SOURCE MATERIAL section start

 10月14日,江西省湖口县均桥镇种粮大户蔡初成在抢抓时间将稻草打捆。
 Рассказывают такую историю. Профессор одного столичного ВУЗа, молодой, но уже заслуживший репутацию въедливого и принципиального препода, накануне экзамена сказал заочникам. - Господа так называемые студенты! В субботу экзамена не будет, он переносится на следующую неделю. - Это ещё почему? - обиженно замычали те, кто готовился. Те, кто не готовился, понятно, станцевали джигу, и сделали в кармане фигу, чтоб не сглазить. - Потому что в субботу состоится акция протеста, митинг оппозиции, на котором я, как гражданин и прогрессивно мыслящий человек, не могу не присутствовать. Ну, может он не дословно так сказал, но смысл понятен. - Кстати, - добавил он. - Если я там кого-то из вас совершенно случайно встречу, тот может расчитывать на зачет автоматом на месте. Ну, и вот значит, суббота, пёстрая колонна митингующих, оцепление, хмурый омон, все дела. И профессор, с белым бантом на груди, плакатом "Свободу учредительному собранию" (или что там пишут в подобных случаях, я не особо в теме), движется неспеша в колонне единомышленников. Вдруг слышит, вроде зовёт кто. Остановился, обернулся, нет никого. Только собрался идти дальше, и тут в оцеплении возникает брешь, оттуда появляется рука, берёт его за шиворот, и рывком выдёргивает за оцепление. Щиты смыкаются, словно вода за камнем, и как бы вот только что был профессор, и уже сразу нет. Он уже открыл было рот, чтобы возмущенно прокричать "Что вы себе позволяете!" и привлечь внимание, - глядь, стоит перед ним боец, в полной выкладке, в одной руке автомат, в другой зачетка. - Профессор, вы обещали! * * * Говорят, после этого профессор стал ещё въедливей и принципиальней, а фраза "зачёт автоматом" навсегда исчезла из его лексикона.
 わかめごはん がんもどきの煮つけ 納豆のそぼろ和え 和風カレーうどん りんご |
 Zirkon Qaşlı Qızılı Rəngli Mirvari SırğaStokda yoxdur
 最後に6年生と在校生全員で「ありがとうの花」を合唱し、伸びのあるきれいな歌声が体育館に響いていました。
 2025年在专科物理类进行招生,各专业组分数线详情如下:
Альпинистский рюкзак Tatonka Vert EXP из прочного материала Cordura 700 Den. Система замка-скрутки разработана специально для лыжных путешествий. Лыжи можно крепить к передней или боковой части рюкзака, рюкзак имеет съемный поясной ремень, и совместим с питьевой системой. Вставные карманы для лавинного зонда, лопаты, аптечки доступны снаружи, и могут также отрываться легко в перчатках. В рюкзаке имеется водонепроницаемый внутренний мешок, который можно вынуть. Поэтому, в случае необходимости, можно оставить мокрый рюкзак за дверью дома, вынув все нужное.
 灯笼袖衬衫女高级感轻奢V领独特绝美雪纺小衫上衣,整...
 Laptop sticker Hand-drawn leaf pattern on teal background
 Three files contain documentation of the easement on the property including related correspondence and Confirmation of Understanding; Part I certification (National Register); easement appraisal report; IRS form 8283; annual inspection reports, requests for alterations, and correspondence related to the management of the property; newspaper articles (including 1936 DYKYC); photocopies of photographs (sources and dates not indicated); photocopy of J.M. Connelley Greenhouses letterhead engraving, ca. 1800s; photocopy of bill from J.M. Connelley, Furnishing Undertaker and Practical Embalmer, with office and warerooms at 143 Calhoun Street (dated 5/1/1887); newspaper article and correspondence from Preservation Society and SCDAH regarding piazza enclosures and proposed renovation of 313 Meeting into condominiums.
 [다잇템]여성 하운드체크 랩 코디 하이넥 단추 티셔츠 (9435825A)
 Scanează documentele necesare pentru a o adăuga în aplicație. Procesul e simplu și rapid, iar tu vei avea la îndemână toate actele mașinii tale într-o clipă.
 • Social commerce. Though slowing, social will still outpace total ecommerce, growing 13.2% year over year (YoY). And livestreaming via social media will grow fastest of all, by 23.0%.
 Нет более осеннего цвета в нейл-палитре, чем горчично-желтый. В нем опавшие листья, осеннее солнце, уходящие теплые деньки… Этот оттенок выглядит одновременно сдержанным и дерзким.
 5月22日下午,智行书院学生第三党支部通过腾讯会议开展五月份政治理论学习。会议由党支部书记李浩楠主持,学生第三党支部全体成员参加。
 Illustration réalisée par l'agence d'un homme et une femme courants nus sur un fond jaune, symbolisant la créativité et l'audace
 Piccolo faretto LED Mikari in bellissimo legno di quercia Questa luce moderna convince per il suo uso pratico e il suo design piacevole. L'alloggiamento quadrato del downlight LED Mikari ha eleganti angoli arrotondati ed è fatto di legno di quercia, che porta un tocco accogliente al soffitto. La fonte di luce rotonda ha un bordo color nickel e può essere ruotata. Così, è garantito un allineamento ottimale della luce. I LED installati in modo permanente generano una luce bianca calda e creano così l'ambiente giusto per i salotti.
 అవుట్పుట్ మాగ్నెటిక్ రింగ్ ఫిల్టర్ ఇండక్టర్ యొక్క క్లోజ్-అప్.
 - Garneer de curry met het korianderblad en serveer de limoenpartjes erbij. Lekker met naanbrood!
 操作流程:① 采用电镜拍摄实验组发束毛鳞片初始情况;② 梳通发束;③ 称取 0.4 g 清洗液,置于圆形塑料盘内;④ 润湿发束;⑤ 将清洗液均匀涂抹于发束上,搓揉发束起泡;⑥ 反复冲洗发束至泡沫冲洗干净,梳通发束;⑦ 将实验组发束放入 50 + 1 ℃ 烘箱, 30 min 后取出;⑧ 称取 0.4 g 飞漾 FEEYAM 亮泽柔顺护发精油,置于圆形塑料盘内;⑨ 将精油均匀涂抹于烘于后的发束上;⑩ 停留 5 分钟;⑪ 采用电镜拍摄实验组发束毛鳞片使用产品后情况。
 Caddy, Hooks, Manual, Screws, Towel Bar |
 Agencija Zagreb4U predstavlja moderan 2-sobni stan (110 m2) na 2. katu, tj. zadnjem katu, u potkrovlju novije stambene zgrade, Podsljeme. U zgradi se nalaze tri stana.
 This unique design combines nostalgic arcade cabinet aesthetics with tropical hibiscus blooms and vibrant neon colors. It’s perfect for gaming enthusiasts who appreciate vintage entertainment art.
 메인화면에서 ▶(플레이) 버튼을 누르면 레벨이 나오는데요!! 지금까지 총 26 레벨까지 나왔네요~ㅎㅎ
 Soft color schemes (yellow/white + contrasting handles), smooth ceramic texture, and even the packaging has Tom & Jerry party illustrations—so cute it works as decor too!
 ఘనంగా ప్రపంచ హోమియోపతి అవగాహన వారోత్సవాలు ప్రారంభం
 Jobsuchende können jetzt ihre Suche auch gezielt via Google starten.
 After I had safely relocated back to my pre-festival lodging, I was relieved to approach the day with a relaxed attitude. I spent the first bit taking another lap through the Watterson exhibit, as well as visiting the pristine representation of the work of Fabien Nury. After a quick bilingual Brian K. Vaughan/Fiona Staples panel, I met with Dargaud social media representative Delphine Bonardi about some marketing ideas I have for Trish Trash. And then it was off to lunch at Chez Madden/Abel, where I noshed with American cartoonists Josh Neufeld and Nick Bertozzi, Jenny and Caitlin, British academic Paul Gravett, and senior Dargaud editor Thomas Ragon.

SOURCE MATERIAL section end

▸ REQUIREMENT: The data above should be returned in full, exactly as written.

▸ EXPECTED ANSWER:
 10月14日,江西省湖口县均桥镇种粮大户蔡初成在抢抓时间将稻草打捆。
 Рассказывают такую историю. Профессор одного столичного ВУЗа, молодой, но уже заслуживший репутацию въедливого и принципиального препода, накануне экзамена сказал заочникам. - Господа так называемые студенты! В субботу экзамена не будет, он переносится на следующую неделю. - Это ещё почему? - обиженно замычали те, кто готовился. Те, кто не готовился, понятно, станцевали джигу, и сделали в кармане фигу, чтоб не сглазить. - Потому что в субботу состоится акция протеста, митинг оппозиции, на котором я, как гражданин и прогрессивно мыслящий человек, не могу не присутствовать. Ну, может он не дословно так сказал, но смысл понятен. - Кстати, - добавил он. - Если я там кого-то из вас совершенно случайно встречу, тот может расчитывать на зачет автоматом на месте. Ну, и вот значит, суббота, пёстрая колонна митингующих, оцепление, хмурый омон, все дела. И профессор, с белым бантом на груди, плакатом "Свободу учредительному собранию" (или что там пишут в подобных случаях, я не особо в теме), движется неспеша в колонне единомышленников. Вдруг слышит, вроде зовёт кто. Остановился, обернулся, нет никого. Только собрался идти дальше, и тут в оцеплении возникает брешь, оттуда появляется рука, берёт его за шиворот, и рывком выдёргивает за оцепление. Щиты смыкаются, словно вода за камнем, и как бы вот только что был профессор, и уже сразу нет. Он уже открыл было рот, чтобы возмущенно прокричать "Что вы себе позволяете!" и привлечь внимание, - глядь, стоит перед ним боец, в полной выкладке, в одной руке автомат, в другой зачетка. - Профессор, вы обещали! * * * Говорят, после этого профессор стал ещё въедливей и принципиальней, а фраза "зачёт автоматом" навсегда исчезла из его лексикона.
 わかめごはん がんもどきの煮つけ 納豆のそぼろ和え 和風カレーうどん りんご |
 Zirkon Qaşlı Qızılı Rəngli Mirvari SırğaStokda yoxdur
 最後に6年生と在校生全員で「ありがとうの花」を合唱し、伸びのあるきれいな歌声が体育館に響いていました。
 2025年在专科物理类进行招生,各专业组分数线详情如下:
Альпинистский рюкзак Tatonka Vert EXP из прочного материала Cordura 700 Den. Система замка-скрутки разработана специально для лыжных путешествий. Лыжи можно крепить к передней или боковой части рюкзака, рюкзак имеет съемный поясной ремень, и совместим с питьевой системой. Вставные карманы для лавинного зонда, лопаты, аптечки доступны снаружи, и могут также отрываться легко в перчатках. В рюкзаке имеется водонепроницаемый внутренний мешок, который можно вынуть. Поэтому, в случае необходимости, можно оставить мокрый рюкзак за дверью дома, вынув все нужное.
 灯笼袖衬衫女高级感轻奢V领独特绝美雪纺小衫上衣,整...
 Laptop sticker Hand-drawn leaf pattern on teal background
 Three files contain documentation of the easement on the property including related correspondence and Confirmation of Understanding; Part I certification (National Register); easement appraisal report; IRS form 8283; annual inspection reports, requests for alterations, and correspondence related to the management of the property; newspaper articles (including 1936 DYKYC); photocopies of photographs (sources and dates not indicated); photocopy of J.M. Connelley Greenhouses letterhead engraving, ca. 1800s; photocopy of bill from J.M. Connelley, Furnishing Undertaker and Practical Embalmer, with office and warerooms at 143 Calhoun Street (dated 5/1/1887); newspaper article and correspondence from Preservation Society and SCDAH regarding piazza enclosures and proposed renovation of 313 Meeting into condominiums.
 [다잇템]여성 하운드체크 랩 코디 하이넥 단추 티셔츠 (9435825A)
 Scanează documentele necesare pentru a o adăuga în aplicație. Procesul e simplu și rapid, iar tu vei avea la îndemână toate actele mașinii tale într-o clipă.
 • Social commerce. Though slowing, social will still outpace total ecommerce, growing 13.2% year over year (YoY). And livestreaming via social media will grow fastest of all, by 23.0%.
 Нет более осеннего цвета в нейл-палитре, чем горчично-желтый. В нем опавшие листья, осеннее солнце, уходящие теплые деньки… Этот оттенок выглядит одновременно сдержанным и дерзким.
 5月22日下午,智行书院学生第三党支部通过腾讯会议开展五月份政治理论学习。会议由党支部书记李浩楠主持,学生第三党支部全体成员参加。
 Illustration réalisée par l'agence d'un homme et une femme courants nus sur un fond jaune, symbolisant la créativité et l'audace
 Piccolo faretto LED Mikari in bellissimo legno di quercia Questa luce moderna convince per il suo uso pratico e il suo design piacevole. L'alloggiamento quadrato del downlight LED Mikari ha eleganti angoli arrotondati ed è fatto di legno di quercia, che porta un tocco accogliente al soffitto. La fonte di luce rotonda ha un bordo color nickel e può essere ruotata. Così, è garantito un allineamento ottimale della luce. I LED installati in modo permanente generano una luce bianca calda e creano così l'ambiente giusto per i salotti.
 అవుట్పుట్ మాగ్నెటిక్ రింగ్ ఫిల్టర్ ఇండక్టర్ యొక్క క్లోజ్-అప్.
 - Garneer de curry met het korianderblad en serveer de limoenpartjes erbij. Lekker met naanbrood!
 操作流程:① 采用电镜拍摄实验组发束毛鳞片初始情况;② 梳通发束;③ 称取 0.4 g 清洗液,置于圆形塑料盘内;④ 润湿发束;⑤ 将清洗液均匀涂抹于发束上,搓揉发束起泡;⑥ 反复冲洗发束至泡沫冲洗干净,梳通发束;⑦ 将实验组发束放入 50 + 1 ℃ 烘箱, 30 min 后取出;⑧ 称取 0.4 g 飞漾 FEEYAM 亮泽柔顺护发精油,置于圆形塑料盘内;⑨ 将精油均匀涂抹于烘于后的发束上;⑩ 停留 5 分钟;⑪ 采用电镜拍摄实验组发束毛鳞片使用产品后情况。
 Caddy, Hooks, Manual, Screws, Towel Bar |
 Agencija Zagreb4U predstavlja moderan 2-sobni stan (110 m2) na 2. katu, tj. zadnjem katu, u potkrovlju novije stambene zgrade, Podsljeme. U zgradi se nalaze tri stana.
 This unique design combines nostalgic arcade cabinet aesthetics with tropical hibiscus blooms and vibrant neon colors. It’s perfect for gaming enthusiasts who appreciate vintage entertainment art.
 메인화면에서 ▶(플레이) 버튼을 누르면 레벨이 나오는데요!! 지금까지 총 26 레벨까지 나왔네요~ㅎㅎ
 Soft color schemes (yellow/white + contrasting handles), smooth ceramic texture, and even the packaging has Tom & Jerry party illustrations—so cute it works as decor too!
 ఘనంగా ప్రపంచ హోమియోపతి అవగాహన వారోత్సవాలు ప్రారంభం
 Jobsuchende können jetzt ihre Suche auch gezielt via Google starten.
 After I had safely relocated back to my pre-festival lodging, I was relieved to approach the day with a relaxed attitude. I spent the first bit taking another lap through the Watterson exhibit, as well as visiting the pristine representation of the work of Fabien Nury. After a quick bilingual Brian K. Vaughan/Fiona Staples panel, I met with Dargaud social media representative Delphine Bonardi about some marketing ideas I have for Trish Trash. And then it was off to lunch at Chez Madden/Abel, where I noshed with American cartoonists Josh Neufeld and Nick Bertozzi, Jenny and Caitlin, British academic Paul Gravett, and senior Dargaud editor Thomas Ragon.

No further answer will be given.